**Your goal:** Stop at the line that contains "Figure 12. Infeed". Until then, set down each line of the records exactly, beginning with the first, and skip pictures.
--------------------------------------------------
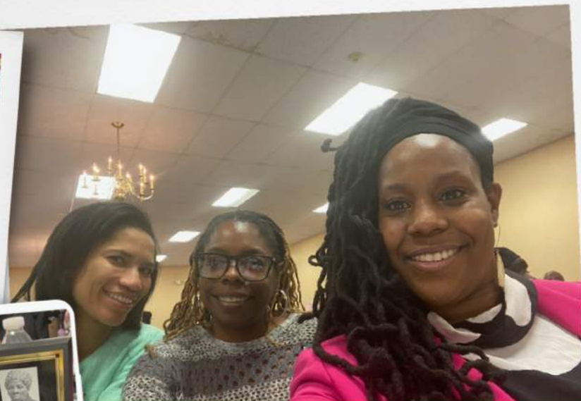
The ladies of No Boundaries Coalition were awarded the Harriet Tubman Freedom Award from Let's Thrive Baltimore, We Our Us and a living descendant of Mother Harriet.
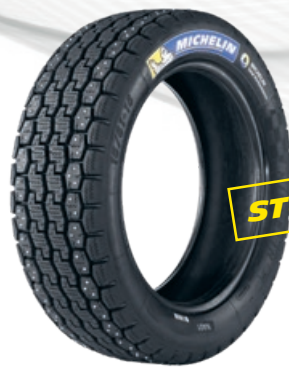
PILOT ALPIN NA01
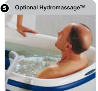
Hydromassage generates a gentle massaging effect that stimulates peripheral blood circulation and eases muscle tension.
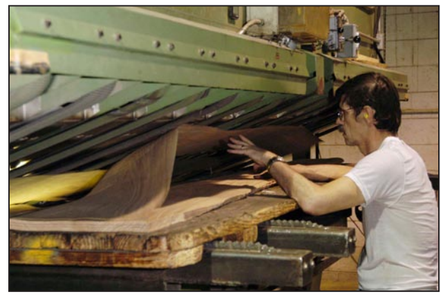
Figure 12. Infeed end of a veneer drier. A vacuum is used to help assist the operator in lifting each sheet into the drier. The driers are usually a 125 to 150 feet long.

After the veneer is sliced, it is generally dried to a 7-12 percent moisture content for domestic use and 12-18 percent for the export market (Figs. 12, 13). Over drying will make the veneer brittle and hard to handle without causing damage. Buckle also increases as the moisture content is reduced. For the domestic market, the ends of the veneer are clipped, and light edge clipping may also occur (Fig. 14). The square footage of veneer in each flitch is measured for pricing purposes. With large or exceptional logs, which contain two or more flitches, the flitches are often numbered consecutively so they can be kept together and sold as one lot. The veneer is then bundled in crates, ready for shipment on the domestic market
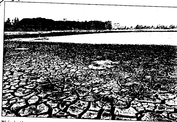
This is the second-highest deficiency recorded among the 61 river basins whose rainfall data is calculated by the IMD

The rain-deficit upper and middle Yamuna basins fall in the northwestern parts
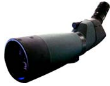
A-1 spotter (B): AEGIS spotting scope
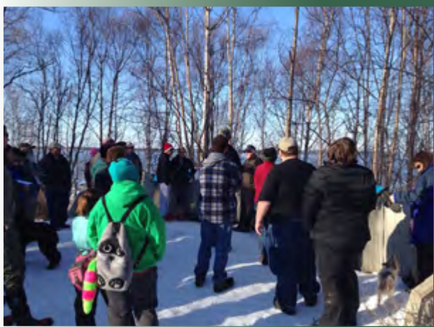
"Great turnout for the Earthquake 50 year event!"

Information panels at the overlook supplied geocachers a portion of the answers needed to complete the newly-published "1964 Great Alaska Earthquake: Earthquake Park" EarthCache ( GC51DA ). The group walked back to the Tony Knowles Coastal Trail for a descent down through the horst and graben zone to reach water's edge, completing measurements along the way to finish up requirements for the EarthCache. Throughout the walk, NorthWes gave a running commentary regarding how the '64 earthquake impacted this area. Clear sunny skies and no breeze allowed the temperature to hover near 40°F during the visit, and attendees were even graced with the presence of a moose on a mission trotting past the group. It was a beautiful spring evening for our remembrance of the 50th anniversary of the 1964 Great Alaska Earthquake.
--------------------------------------------------
**Written response:**
The ladies of No Boundaries Coalition were awarded the Harriet Tubman Freedom Award from Let's Thrive Baltimore, We Our Us and a living descendant of Mother Harriet.
PILOT ALPIN NA01
Hydromassage generates a gentle massaging effect that stimulates peripheral blood circulation and eases muscle tension.
Figure 12. Infeed end of a veneer drier. A vacuum is used to help assist the operator in lifting each sheet into the drier. The driers are usually a 125 to 150 feet long.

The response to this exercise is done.